- Promotional release poster
- Directed by: S. S. Wilson
- Screenplay by: Scott Buck
- Story by: S. S. Wilson; Brent Maddock; Nancy Roberts;
- Produced by: Nancy Roberts
- Starring: Michael Gross; Sara Botsford; Brent Roam; Ming Lo; Lydia Look; Sam Ly; J. E. Freeman; August Schellenberg; Billy Drago;
- Cinematography: Virgil L. Harper
- Edited by: Harry B. Miller III
- Music by: Jay Ferguson
- Production company: Stampede Entertainment
- Distributed by: Universal Pictures Home Entertainment
- Release date: January 2, 2004;
- Running time: 97 minutes
- Country: United States
- Language: English

= Tremors 4: The Legend Begins =

2004 film by S. S. Wilson

Tremors 4: The Legend Begins is a 2004 direct-to-video horror Western film directed by S. S. Wilson and written by Brent Maddock, Nancy Roberts, and Wilson. It is the fourth film in the Tremors series of films and released on DVD on January 2, 2004. As a prequel to the earlier films and television series, it depicts the town of Rejection, which is the location that would later be renamed Perfection, the main setting for the first Tremors film. It stars Michael Gross as Hiram Gummer, the great grandfather of the character Burt Gummer, who Gross portrayed in every other Tremors film.

==Plot==
In 1889, the inhabitants of Rejection are completely dependent on the income from a nearby silver mine. One day, water from a hot spring causes graboid eggs to hatch, resulting in the death of 17 miners.
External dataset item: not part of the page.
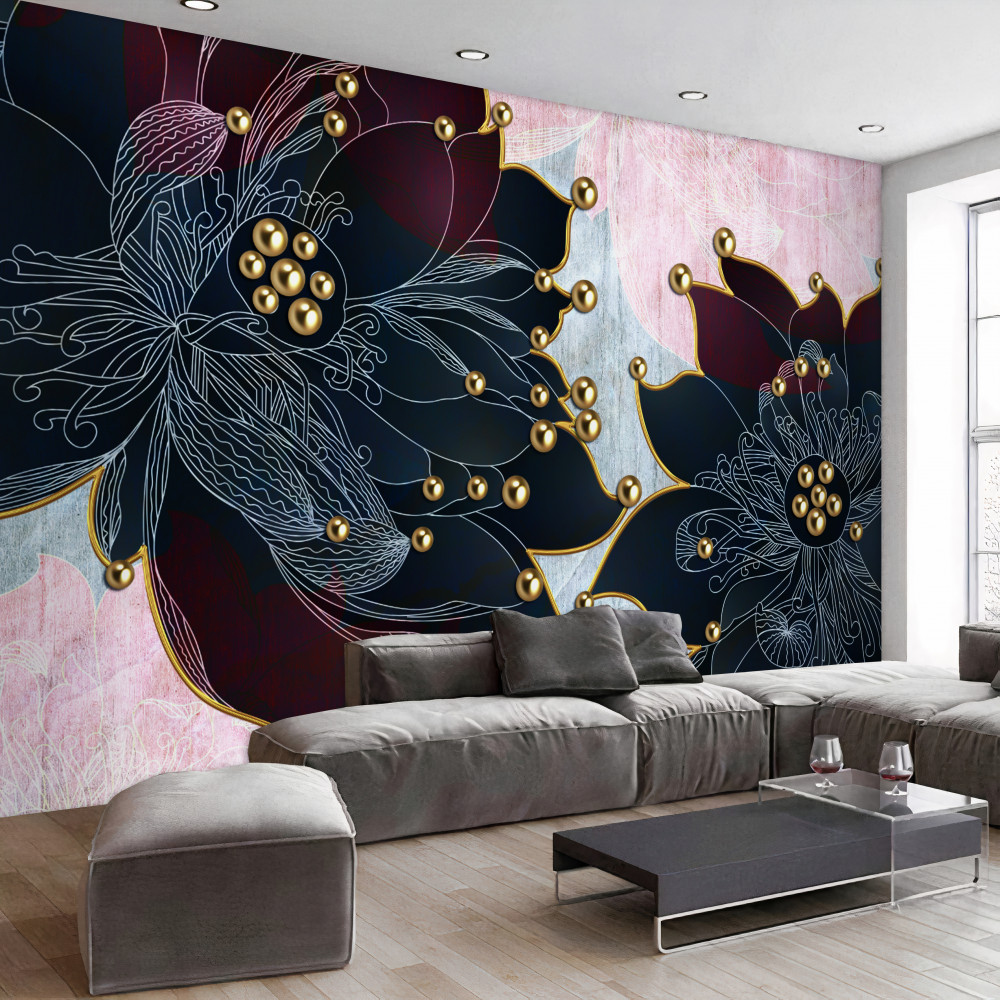 Tapeta Fototapeta bordowy niebieski nocny kwiat (artykuł pb2226 ) z kategorii Fototapety Kwiaty 3D

Hiram Gummer, great-grandfather of Burt Gummer and the mine's owner, arrives in town to assess the situation. After juvenile graboids that can shoot out of the ground (later dubbed Dirt Dragons) attack his camp one night, he is shocked by their presence. One of his companions, Juan, kills one with a pickaxe, and the pair escape while four others accompanying them are killed.
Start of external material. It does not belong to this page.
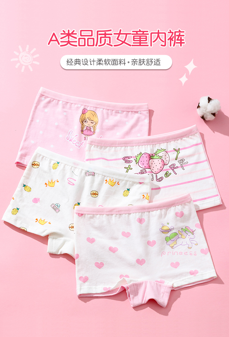 儿童内裤女童纯棉婴儿平角三角1女孩小孩2四角3全棉6岁女宝宝短裤

Inexperienced with and not fond of firearms, Hiram puts out a call for a gunfighter, to which Black Hand Kelly responds. Hiram and Kelly do not get along well, though Kelly succeeds in conveying to Hiram some of his attitude towards firearms and life in general. Hiram, Juan, and Kelly discover that a total of four graboids have hatched, including the one Juan killed earlier. Kelly is later eaten alive by a now fully grown graboid. Hiram decides to abandon Rejection and tries to convince the townsfolk to do the same, but they refuse to leave their homes. They also force him to give them the silver mine, threatening to alert potential buyers to the danger if he sells it out from under them. In Carson City, Hiram learns of a telegram revealing that the fully grown graboids have made it through the pass and are headed for the town. Changing his mind, he buys weapons with the last of his valuable belongings, heads back to Rejection to lead a last stand against the graboids, and helps the town prepare itself.
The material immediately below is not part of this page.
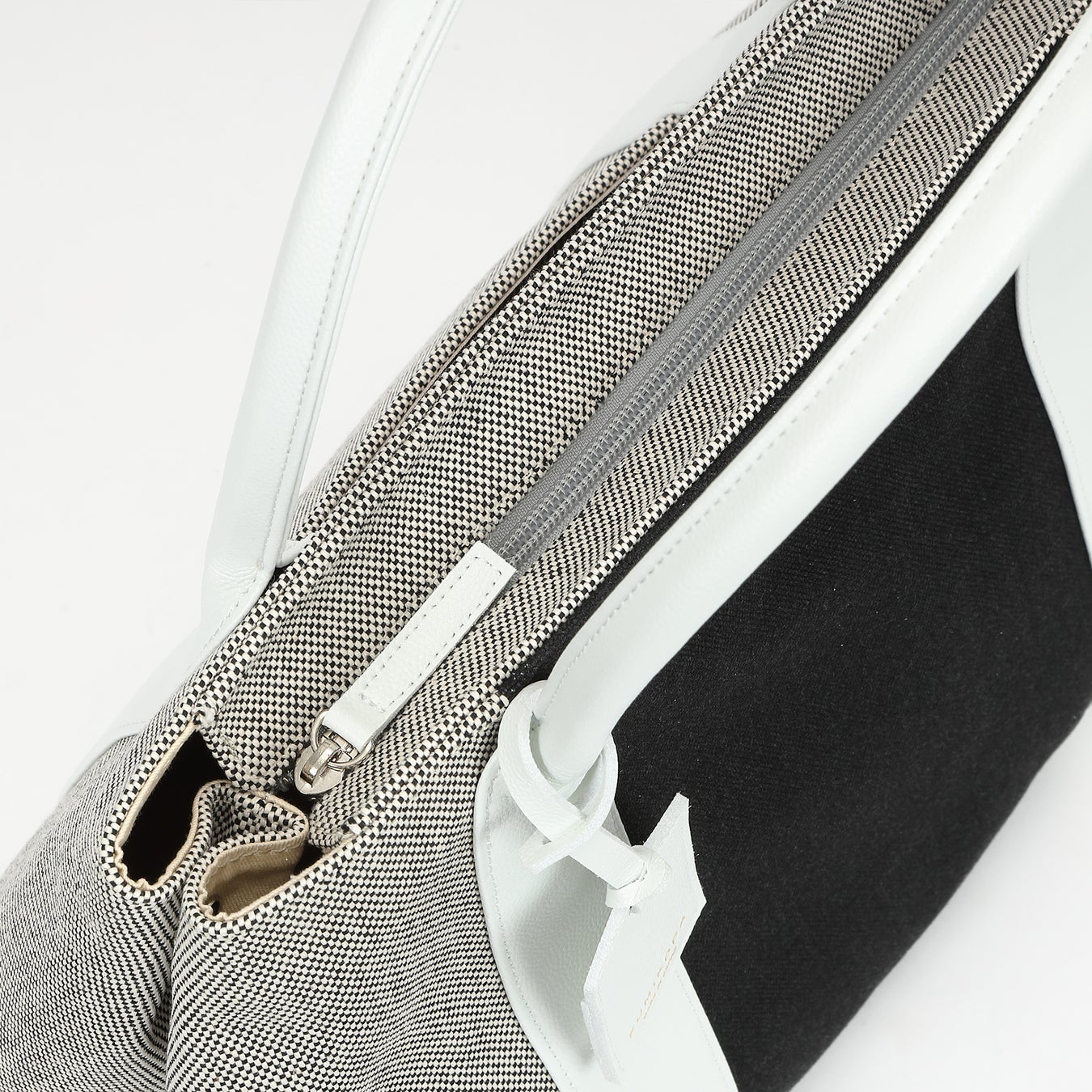 リサイクル(GRS認証)糸を使用し、染色における水の使用も削減している他、ハンドル部分には日本製の高耐久人工皮革「FUMITEX®(フミテックス)」を採用。

After two graboids are killed, the third one adapts and avoids all of the traps. Hiram tricks it into coming to the surface and then attaches it by the tail to the flywheel of a steam traction engine. The graboid is reeled in and slammed against the front wheels and boiler with such force that it is explosively decapitated. With the creatures dead, the town decides to keep their existence secret for fear that no one would settle in the area if it were known, and to use the mine's proceeds to pay for their belongings. Hiram settles in Rejection (renamed Perfection), building his home in the same place where his great-grandson Burt's would one day be. He is also given a Colt 1865 Gatling gun and begins target practice, enjoying it.

==Cast==
- Michael Gross as Hiram Gummer
- Sara Botsford as Christine Lord
- Billy Drago as Black Hand Kelly
- Brent Roam as Juan Padilla
- August Schellenberg as Tecopa
- J. E. Freeman as Old Fred
- Ming Lo as Pyong Lien Chang
- Lydia Look as Lu Wan Chang
- Sam Ly as Fu Yien Chang
- Neal Kopit as Víctor
- Matthew Seth Wilson as Brick Walters
- John Dixon as Big Horse Johnson
- Dan Lemieux as Stony Walters
- Don Ruffin as Soggy
- Lou Carlucci as Mine Foreman

==Video game==
A browser game tie-in called Dirt Dragons was created to market the film and released on January 2, 2004. The game concept, development, and programming was done by the Stampede Entertainment webmaster Allan Krahl.